Contract price and packages will remain a priority in 2023

30 December 2022

Michael Sly

Michael Sly

NFU Sugar Board chair

An image of Michael Sly stood in a field of unharvested sugar beet crop

In his New Year message, NFU Sugar Board chair Michael Sly looks at the impact of draught and beet moth on 2022 sugar yields, and addresses the need for contract prices that deliver for growers.

This has been a challenging year for the sugar sector.

Drought and beet moth have conspired to restrict yields across the growing area, while the associated symptoms have further complicated our fight against the old enemy: virus yellows.

The campaign got off to a slow start – it wasn’t until the second half of October that all four factories were open.

2022 challenges rolling into 2023

Continued mild weather throughout the autumn and into early winter ensured that lifting conditions remained good, but we still anticipate a harvest below the five-year average.

The challenges associated with pests, disease and a changing climate aren’t going away as we move into 2023, and beet moth in particular will certainly remain on our radar.

“Negotiating an appropriate contract price and package for 2023/24 will remain very much a priority”

NFU Sugar Board chair Michael Sly

Plant protection and innovation

NFU Sugar will remain focused on ensuring that growers have access to the full suite of plant protection products they require for the 2023 crop, and we continue to work closely with the British Beet Research Organisation to ensure that growers remain abreast of the latest innovations in plant productivity and protection.

Ensuring contract prices reward growers

We anticipate a greater beet area this year as growers respond to the £40/t contract, but this price is exactly where it needs to be in light of continued sky-high input costs and the increased associated challenges facing sugar beet.

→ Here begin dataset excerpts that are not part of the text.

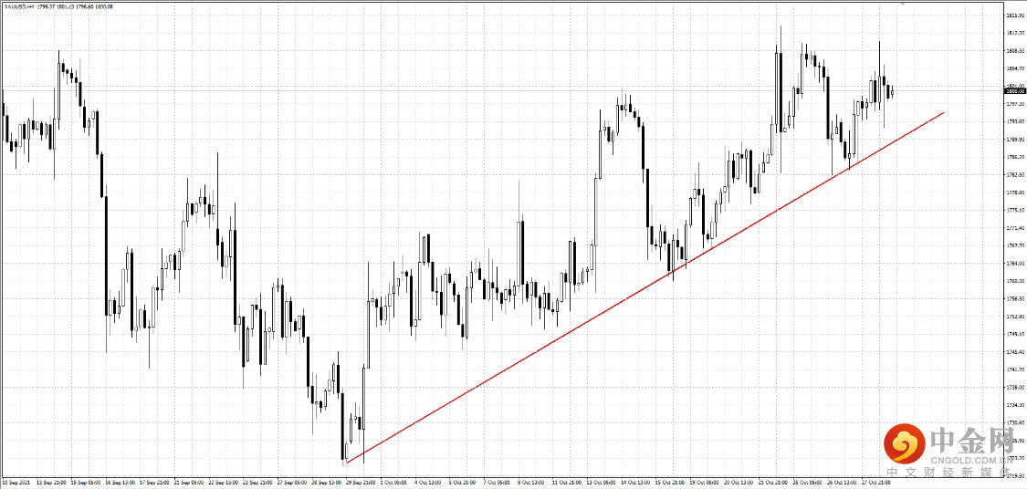 技术方面:日线黄金虽然出现倒锤线,但是整体基本面强劲 ,也勉强收阳,所以我们判断当前多有短线依然占优,此外从整个趋势来看,黄金也属于上涨趋势,趋势是当前技术最大的共识,所以建议投资者依然采取逢低买入的策略,上方压力1811-1850,下方支撑:1795-1792.
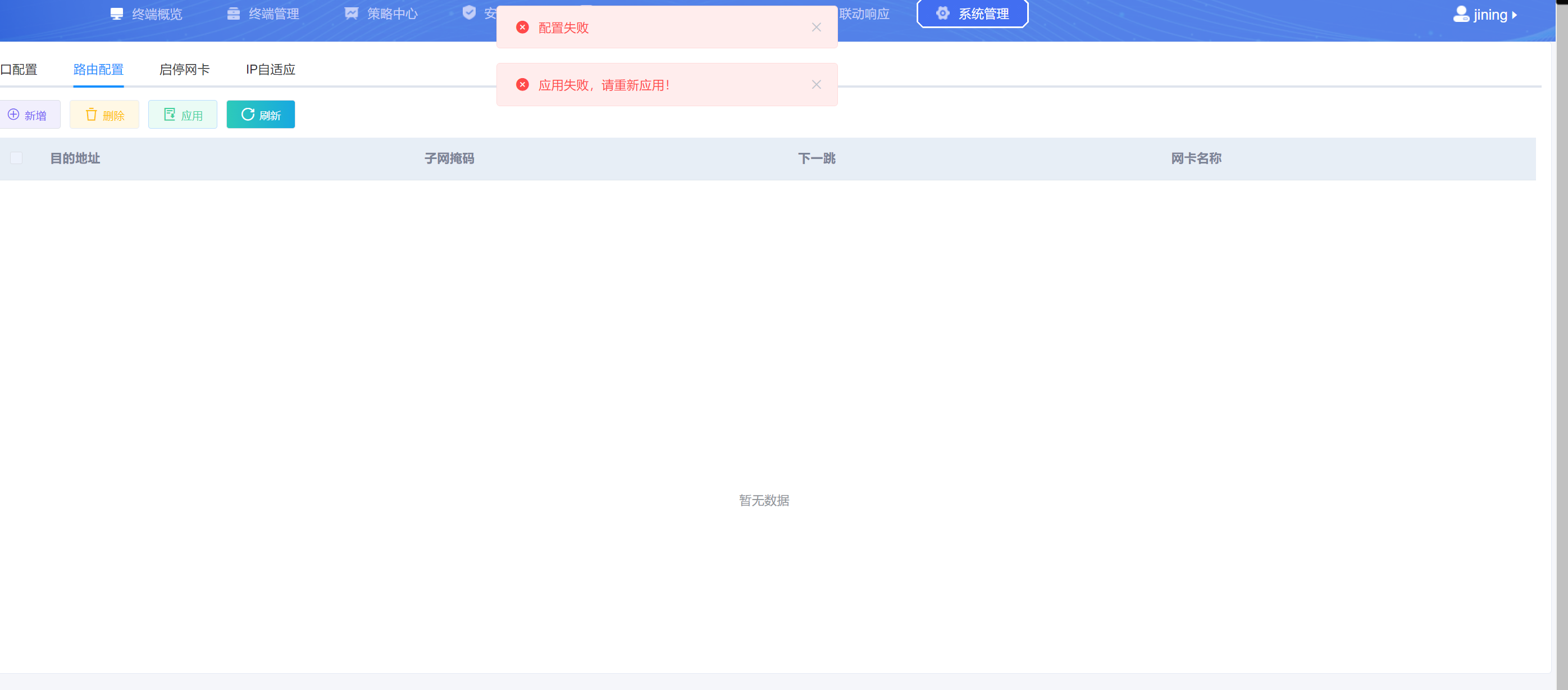 默认路由(0.0.0.0的目标网络)的网关请勿在路由配置项添加,“默认网关”项填写默认网关即可。
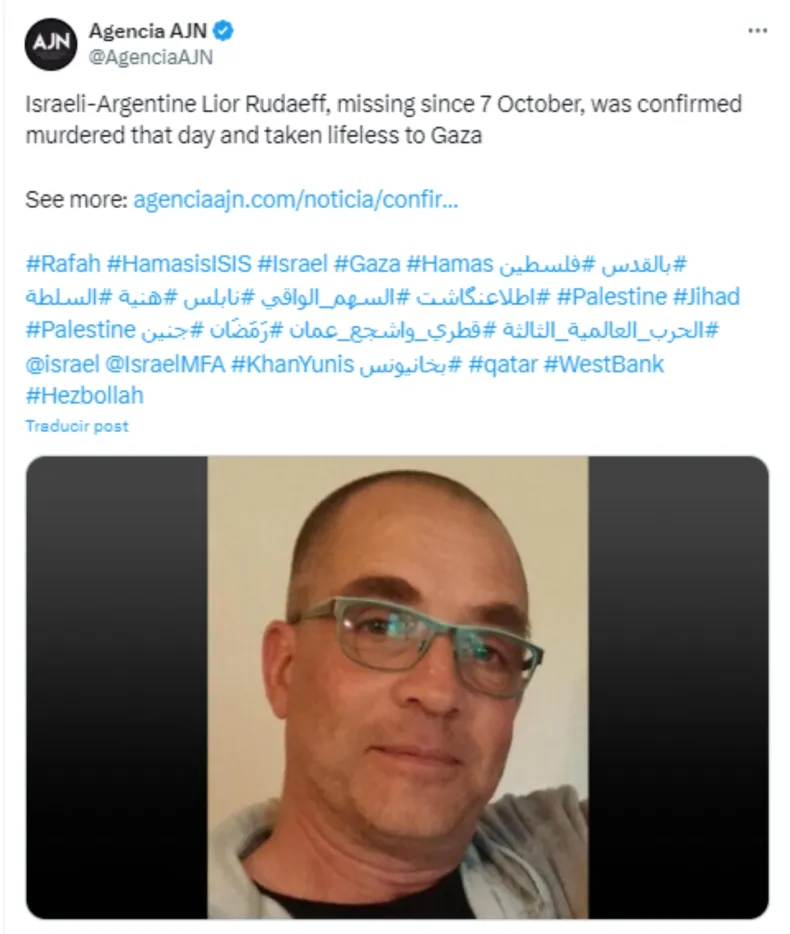Este martes, la Agencia Judía de Noticias confirmó el asesinato del argentino Lior Rudaeff de 61 años, quien fue uno de los rehenes que el grupo terrorista Hamás trasladó a la Franja de Gaza el 7 de octubre pasado.
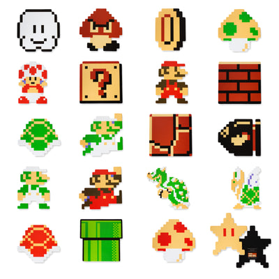 • Set de 20 sous-verres résistants à l'eau ;- ; Reproduisent des personnages et des objets de Super Mario Bros ;- ; Produit sous licence officielle
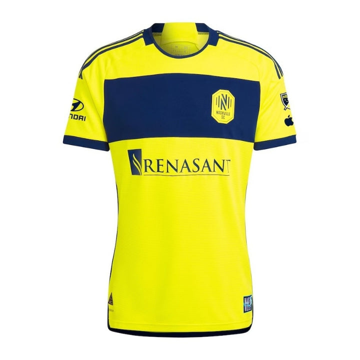 Feel the rhythm of Music City with the Nashville SC Men's Home Soccer Kit 2024-2025. The bold yellow and navy colors, echoing the city's vibrant energy, capture the team's passion and the unwavering support of its fans. This Home Soccer Kit isn't just apparel; it's a symbol of your connection to Nashville SC's growing legacy, a reminder of the electrifying atmosphere at GEODIS Park, and a testament to the burgeoning soccer culture in the heart of Tennessee.
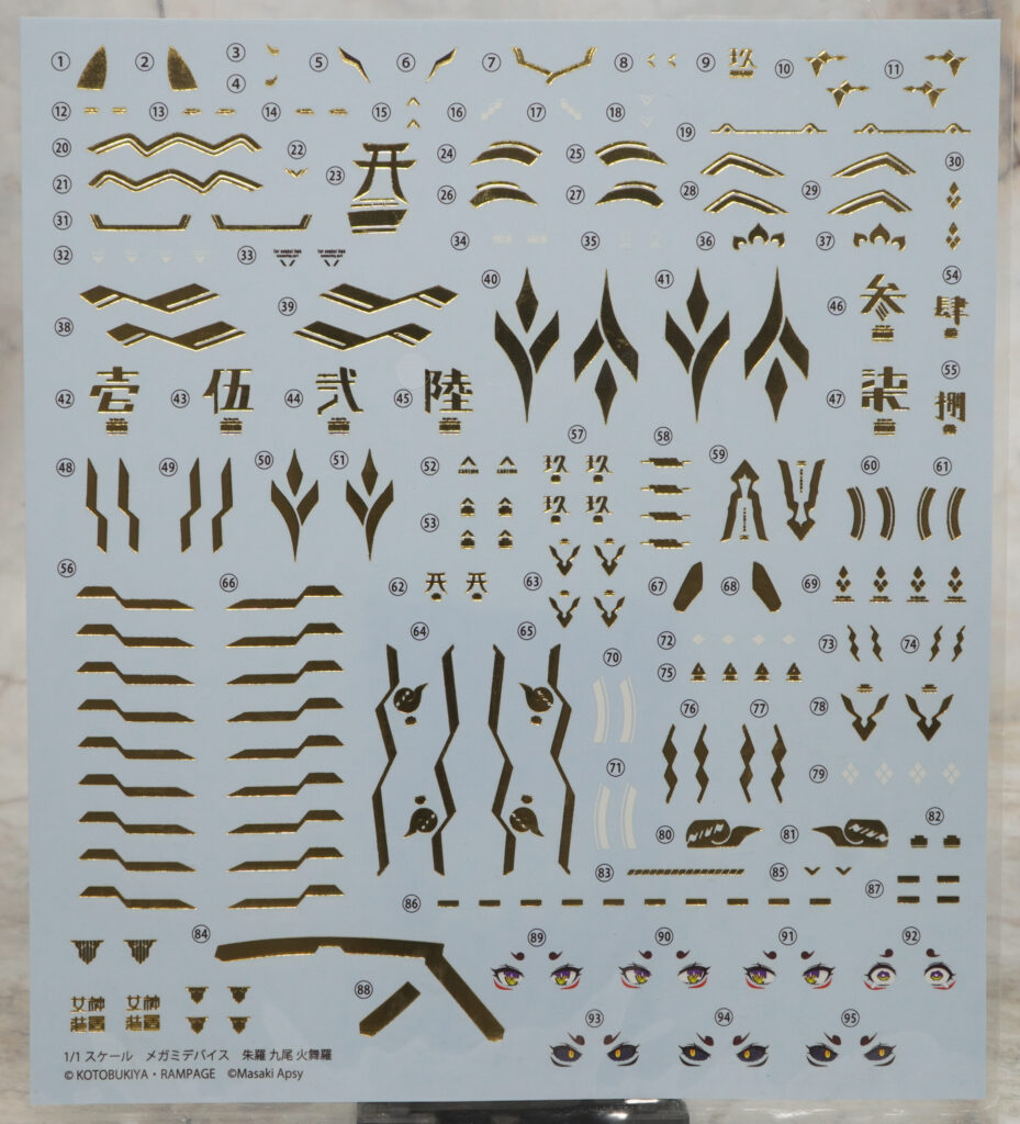 パッケージと水転写デカール。瞳や各所の金色模様などを再現できる火舞羅用に新調されたデカールが付属。
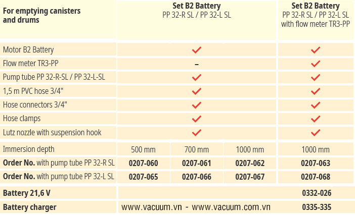- Bơm thùng phuy Lutz B2 battery, Lutz battery drum pump set B2 (Mã đặt hàng: 0207-067) là loại bơm thùng phuy dùng pin, cỡ nhỏ có lưu lượng max: 65 lít/phút, sử dụng để bơm các loại hóa chất, phụ gia, dầu nhờn nồng độ nhẹ trong công nghiệp.
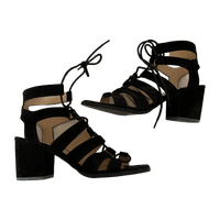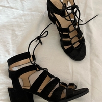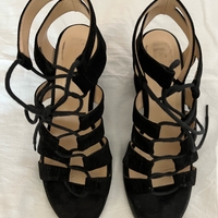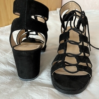 Musta avokärkiset mokkanahkaiset korolliset sandaalit
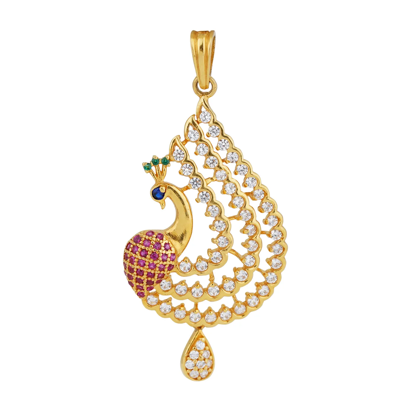 The epitome of elegance and grace dances in the vivid plumes of zircon stones. The intensity only multiplies with the brilliant blue, red, and green stones that are fixed to the bright yellow gold. It is a masterpiece of its kind. Peck a set of dazzling earrings along with the pendant.
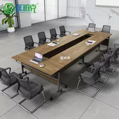 Mobile folding training table conference table long bar combination splicing flap desks and chairs double-layer training institution bar table
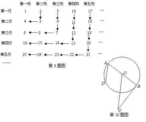9.正整数按如图所示的规律排列.则第10行,第11列的数字是
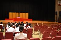 今立地区の小学6年生が招待されて、柳家三三さんの落語教室が行われました。最初の3分程度の小話で、子どもたちは落語の世界に引き込まれて大笑いでした。あとは、何をいってもおもしろくて、笑いのつぼにはまってしまっていました。顔の向き、声色、せんすの使い方など、魅了されました。代表児童が壇上にあがり、そばの食べ方を指南され、とっても上手でした。国語の教科書に載っている柳家三三さんですが、伝統芸能のすばらしさを体感することができました。企画して下さった皆様、ありがとうございました。

Negotiating an appropriate contract price and package for 2023/24 will remain very much a priority.

The futures-linked contract delivered returns of over £43/t last autumn and we look forward to rolling this option out further this year, allowing growers greater empowerment to manage the risks and rewards in the sugar market.

We will continue to support industry work to increase growers’ understanding of the environmental impacts of sugar beet and ensure growers can proactively benefit from the opportunities of the transition to net zero.